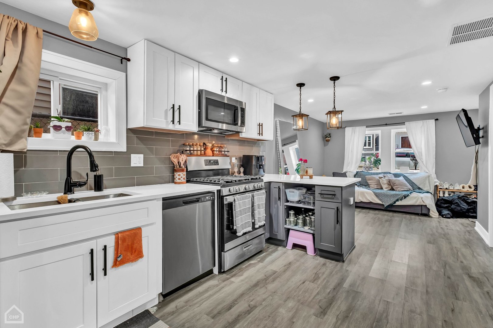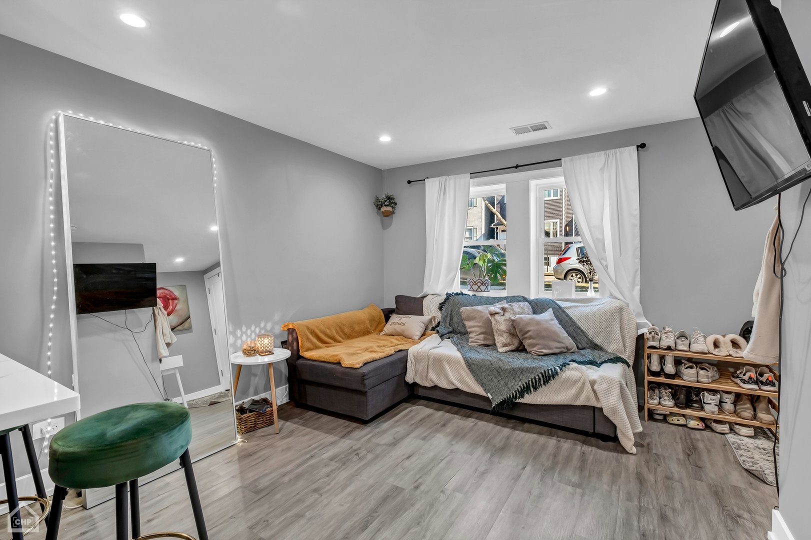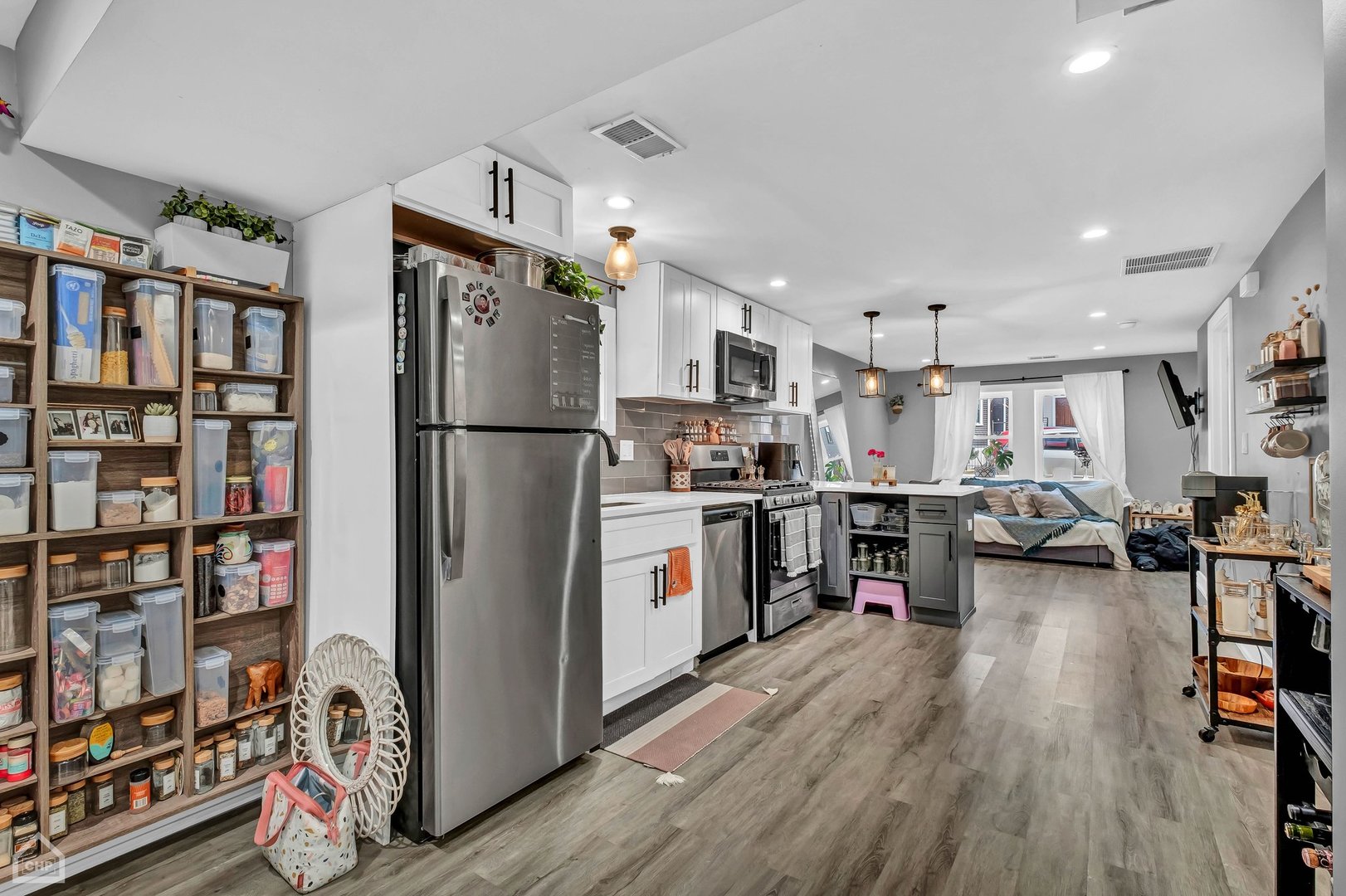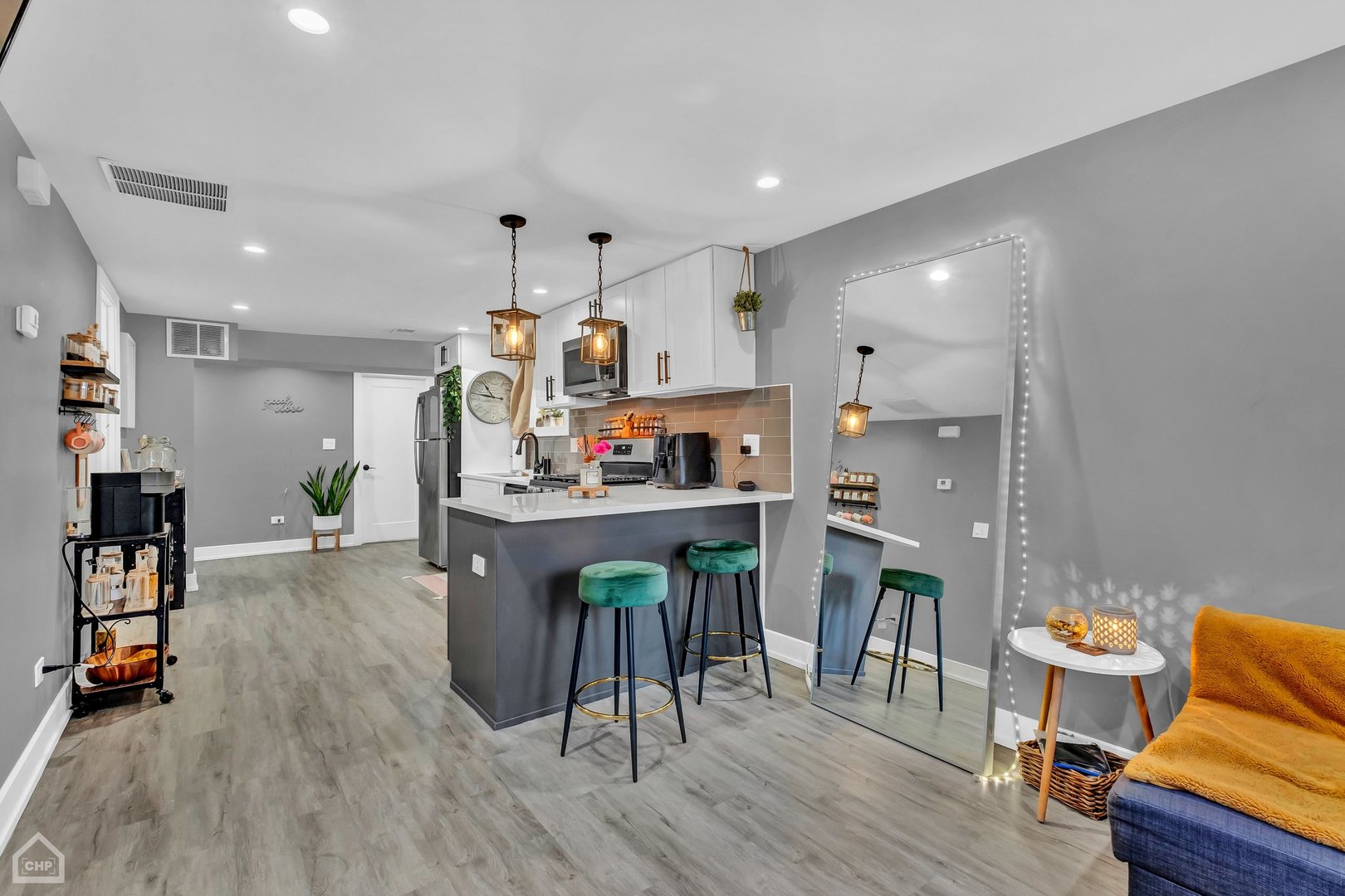 This is your chance to invest in a spectacular turnkey home nestled in one of the most sought-after neighborhoods, Logan Square! Meticulously renovated from the ground up, this property boasts a complete overhaul, ensuring a worry-free investment for the savvy buyer or investor. The property has undergone a comprehensive renovation in 2021 with all new windows, electrical, roof, copper plumbing, siding, and HVAC. New front porch and rear ground level deck with newly poured concrete in the front and rear of the property. Unit 1 offers a thoughtfully designed open floor plan with 3 bedrooms and 1 bath, featuring oak wood flooring, recessed lighting, and modern finishes. The kitchen is a culinary dream with white shaker cabinets, quartz countertops, and stainless steel appliances. The lower level is a non-conforming 2-bedroom/1-bath space, that exudes luxury with vinyl plank flooring, a stunning island adorned with pendant lights, and elegant white/grey cabinetry. Modern bathrooms showcase half-glass shower doors for a touch of sophistication. Perfect for Live/Work, Extended Family, or future Airbnb. All separate utilities with free shared laundry and lots of storage in the enclosed back porch. Benefit from a 2-car parking pad, ready for a garage build-out. This turnkey gem presents an ideal opportunity for house-hacking, allowing you to reside in one unit while renting out the other to offset your mortgage. The property is part of an approved ADU Pilot program that offers a possible path of conformity. Fantastic location, a short 3-minute walk to the 606 trail, Parson's, Bang Bang Pie, Lonesome Rose, California Blue Line, Milwaukee Corridor and so much more! See broker remarks.
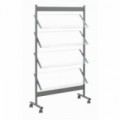S 5 policemi, které jsou umístěné na jedné straně. Snadno přemístitelný díky 4 kolečkům. Do každé police se vejdou 3 stohy dokumentů formátu A4 umístěné vedle sebe.Jednostranná prezentační stojan Paperflow, 5 přihrádek
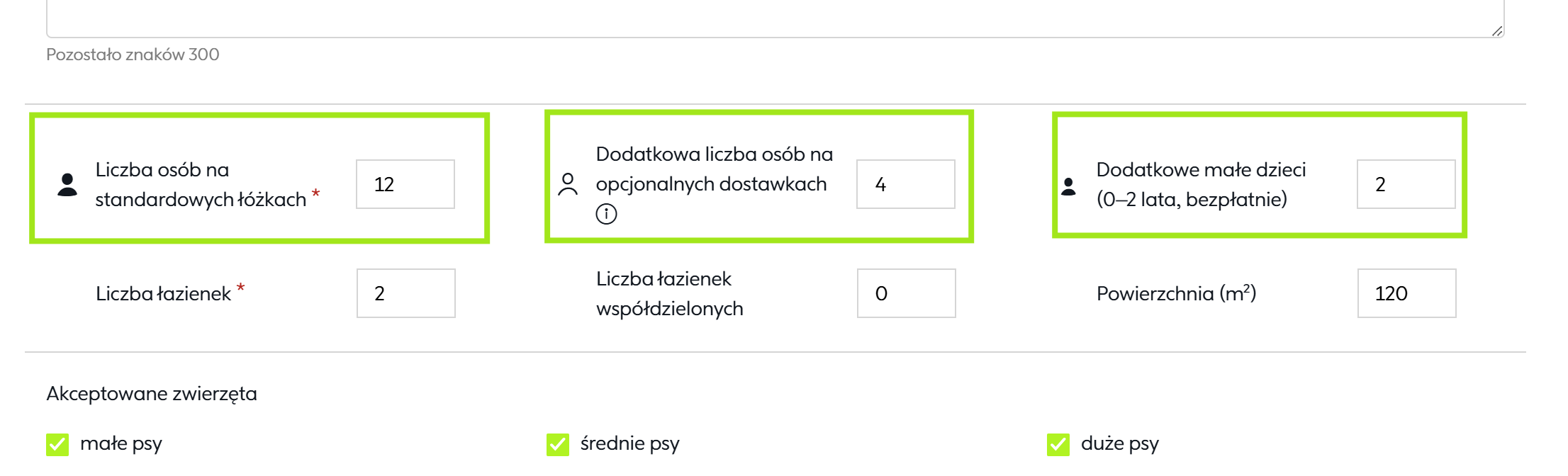 📌 Dane w tej sekcji wpływają na całkowitą pojemność obiektu oraz plan cenowy (w całkowitą pojemność nie wliczają się bezpłatne dzieci do 2 r.ż).
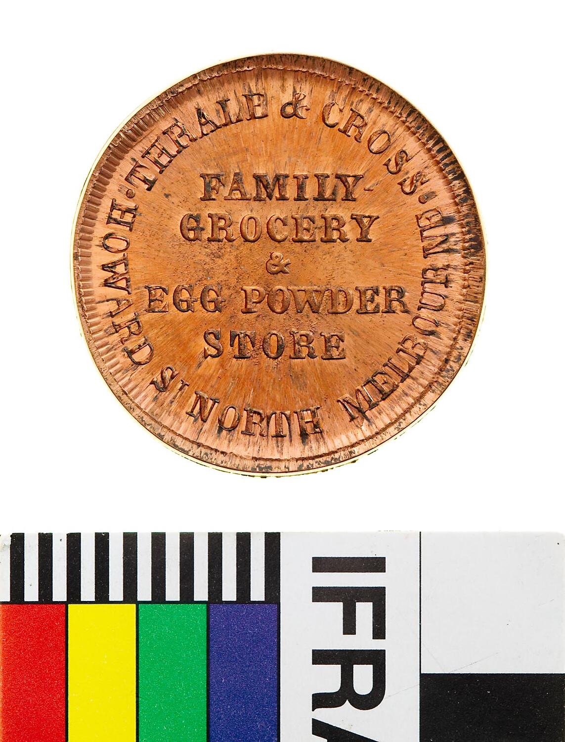 Obverse: THRALE & CROSS FAMILY GROCER & EGG POWDER STORE HOWARD ST. NORTH MELBOURNE
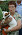 I first prepared the background on white card using Distress inks in shabby shutters and pine needles blended in with cut'n'dry foam and spritzed lightly with water, blotting off excess water with tissue. I then stamped onto acetate with a bramble leaf stamp (anon), several times in Stazon ink in olive green, mustard, pumpkin and eden green overlapping to produce a pleasing effect. The acetate was trimmed to size and fixed, stamped side down, over the ATC background with 4 square copper brads to finish allowing the background to show through.
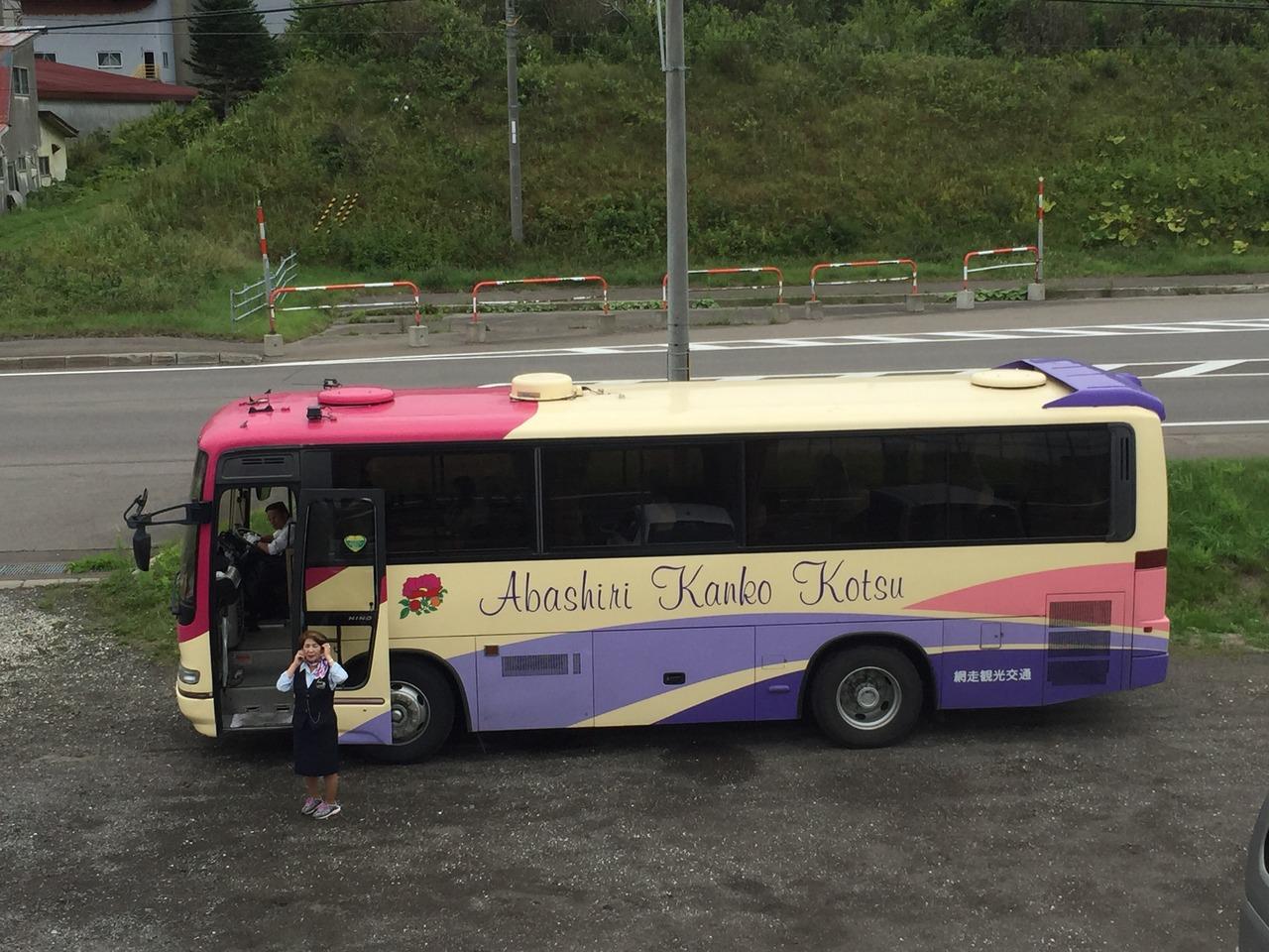 北浜駅近くには展望台があり、写真撮れます。展望台から今回乗車のツインクルバス。網走観光担当。
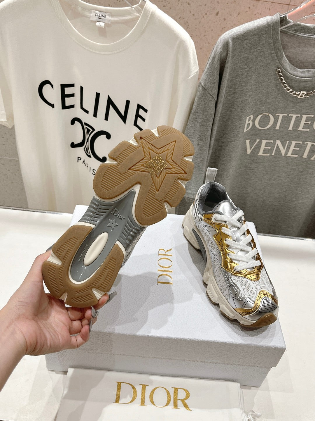 CD Vibe Sneaker White Mix Grey Gold Polyester Mesh Fabric And Cowhide
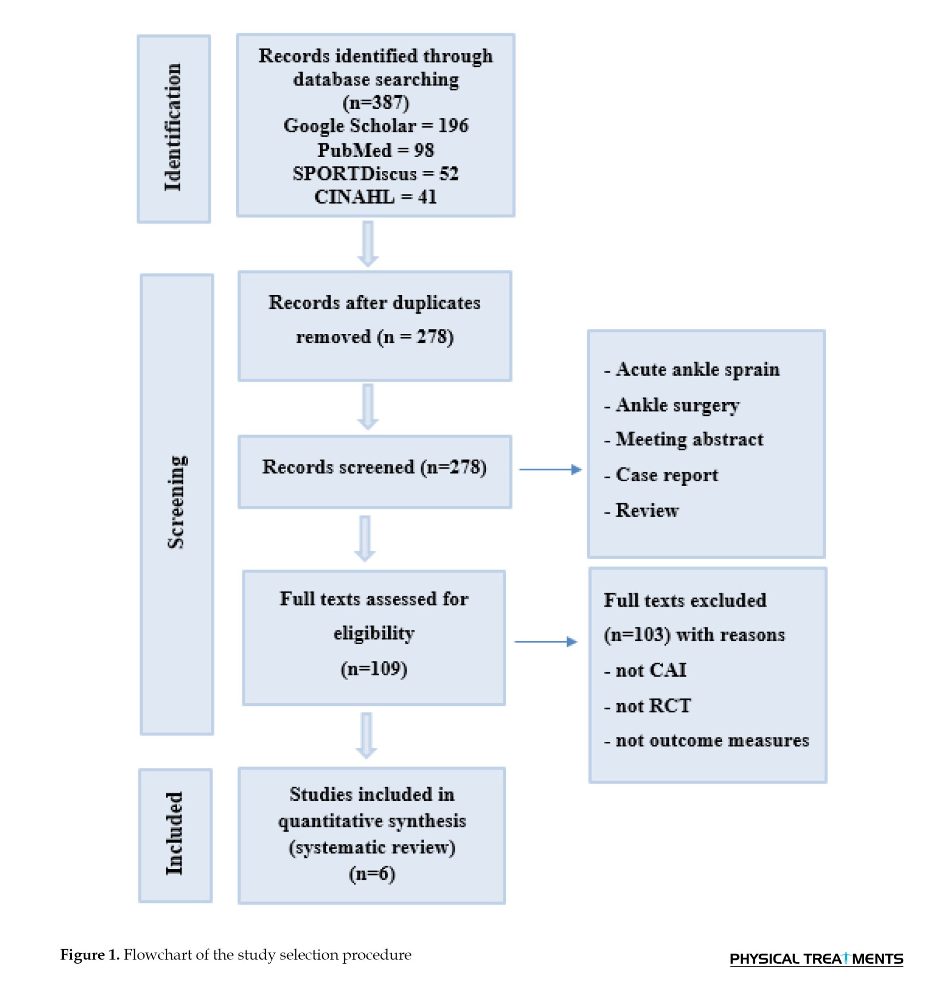 Figure 1 shows the study results. A total of 387 articles were retrieved. Of these, 196, 98, 52, and 41 studies were selected from Google Scholar, PubMed, SPORTDiscus, and CINAHL, respectively. Then, 278 articles were excluded for failing to meet the inclusion criteria. Moreover, 103 studies were removed due to the use of different interventions (Kinesio-taping), populations (acute ankle sprains), case studies, or systematic research designs. Finally, seven studies were selected for review.
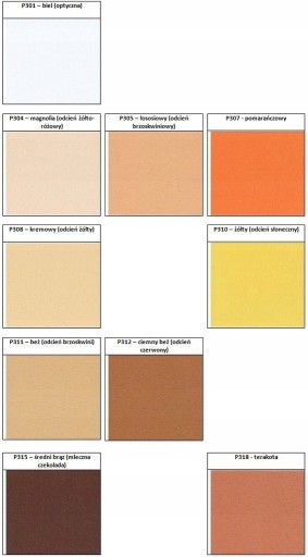 Grupa E, P, T - tkanina gładka, grubość 190gr. Przenikalność światła od 15% (kolory ciemne) do 25% (kolory jasne)
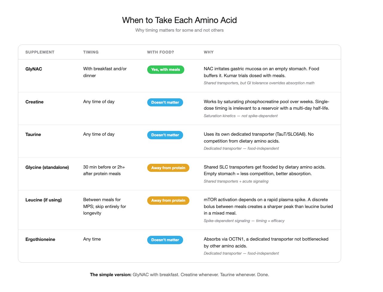 When you take glycine alongside a steak, the glycine is competing with 20 other amino acids for absorption. It’s like one lonely voice trying to shout over a barbershop quartet. Take it between meals or before bed, and it gets VIP access.
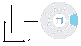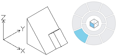 You can switch to one of the available predefined views by clicking one of the ring sectors. The views can be relative to the active CCS or WCS. The cube’s position changes to reflect the orientation of the model.
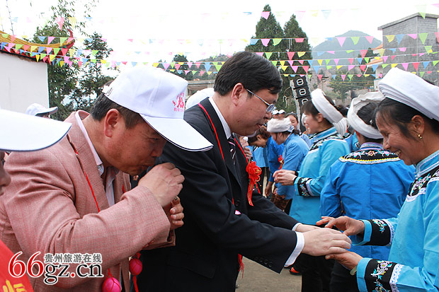 布依人的山歌比星星还多,布依人的米酒又醇又香,布依人的糍粑吃了忘不了,布依人的天性豪爽,布依人的美酒斟满祝福,布依人的红鸡蛋送来吉祥如意。当天上午12时30分,热情好客的布依人一边唱起山歌,一边为嘉宾们敬上香烹烹的美酒、端来热腾腾的糍粑、送上红彤彤的鸡蛋。随后,文艺演出在原汁原味的《山歌伴舞》中拉开序幕。紧接着《布依娃舞》、《山歌对唱》、《板凳龙舞》、《八音伴舞》等一个个精彩节目纷纷登台亮相。毛杉树下,布依情歌此起彼伏,布依青年或三五成群,或两两相对,唱情歌,表情意,久久不愿散去。来自兴义滴水、兴隆石盘、毛杉树村的《山歌对唱》,将布依小伙和姑娘追求幸福甜美的爱情演绎得精彩绝妙。原汁原味的布依歌舞令人如痴如醉,一个又一个精彩的节目将活动推向一个又一个高潮。

» **Task description**:
Write out exactly the lines from the one containing "You can switch" through the last line of the records above, both ends included, and leave out any pictures.

» **Completed exercise**:
 You can switch to one of the available predefined views by clicking one of the ring sectors. The views can be relative to the active CCS or WCS. The cube’s position changes to reflect the orientation of the model.
 布依人的山歌比星星还多,布依人的米酒又醇又香,布依人的糍粑吃了忘不了,布依人的天性豪爽,布依人的美酒斟满祝福,布依人的红鸡蛋送来吉祥如意。当天上午12时30分,热情好客的布依人一边唱起山歌,一边为嘉宾们敬上香烹烹的美酒、端来热腾腾的糍粑、送上红彤彤的鸡蛋。随后,文艺演出在原汁原味的《山歌伴舞》中拉开序幕。紧接着《布依娃舞》、《山歌对唱》、《板凳龙舞》、《八音伴舞》等一个个精彩节目纷纷登台亮相。毛杉树下,布依情歌此起彼伏,布依青年或三五成群,或两两相对,唱情歌,表情意,久久不愿散去。来自兴义滴水、兴隆石盘、毛杉树村的《山歌对唱》,将布依小伙和姑娘追求幸福甜美的爱情演绎得精彩绝妙。原汁原味的布依歌舞令人如痴如醉,一个又一个精彩的节目将活动推向一个又一个高潮。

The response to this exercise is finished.